Arsenic is a type 1 carcinogen and its toxicity is critically dependent on chemical speciation. However, after decades of research, the biogenesis of at least fifty naturally occurring arsenic species is still not well understood.

Here, based on experimental work, it is proposed a set of pathways for the formation of multiple arsenic species that might help to clarify the present situation.

These are focused on the thiol protein arsenic bond and on its interaction with reactive metabolites. In fact, arsenic bound to glutathione interacting with sulfur adenosyl methionine (SAM), MethylCB₁₂ and AdoCB₁₂, forms a number of complexes that might be key intermediates in arsenic biochemistry. These include dimethylarsino glutathione (DMAG) m/z 412 [M + H]⁺, synthesized non-enzymatically from glutathione and cacodylate. Trimethylarsonio glutathione (TMAG) m/z 426 [M]⁺ synthesized from DMA, GSH and SAM, apparently by a classical Challenger methylcarbonium attack. Tetramethyl arsonium ion m/z 135 [M]⁺ is formed in a third step, apparently by carbanion methylation. The presence of trimethylarsine oxide (TMAO) m/z 137 [M + H]⁺ is attributed to the hydrolysis of TMAG or TMA, or to carbanion methylation of dimethylarsinoyl glutathione (m/z 428 [M]⁺) formed from cacodylate and GSH. Cantoni type attacks of DMAG on SAM were unsuccessful, eventually due to competition of the trivalent S⁺ atom of SAM for the As^III atom attack. The presence of dimethylarsonio diglutathione (DMADG m/z 717 [M]⁺), is suggested to result from a GS^- attack on dimethylarsenoyl glutathione (m/z 428 [M + H]⁺). The presence of dimethylarsenoyladenosine (m/z 372 [M + H]⁺), trimethylarsenosugar adenine (m/z 370 [M]⁺), and dimethylthioarsenosugar adenine (m/z 388 [M + H]⁺), is explained by the synthesis of the pecursor dimethylarsonio-adenosine glutathione DMAAG (m/z 661 [M]⁺), a likely source of oxo-and trimethylated arsenosugars, as well as of thio-arsenosugars by the cleavage of its S-C bond. The results gathered suggest that cell vacuoles might play a major role in arsenic metabolism, and that the dominance of oxo-As sugars, in algae extracts, may be supported by a mechanism of synthesis independent of DMAAG (m/z 661).

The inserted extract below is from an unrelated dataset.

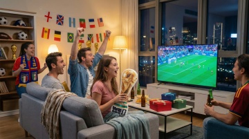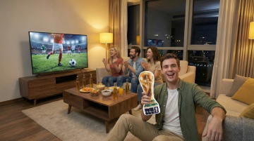 软3D风格融合科技感与温馨感,卡通家庭围坐沙发,置身未来都市,霓虹灯辉映AI字样,传递虚拟现实中的团圆温情,双节专属氛围浓厚。

They also offer an explanation for the reason why arsenobetaine, and tetramethylarsonium are loosely bound to biotic tissues. Four arsenic species new to science, to the best of our knowledge, and a number of known arsenic compounds were synthesized in this work, identified by HPLC¨CESI-MSⁿ and FTICR¨CESI-MS, and suggestions regarding their mechanisms of synthesis were advanced. These results provide a framework for arsenic biochemistry which may explain the origin of a significant part of arsenic known metabolites.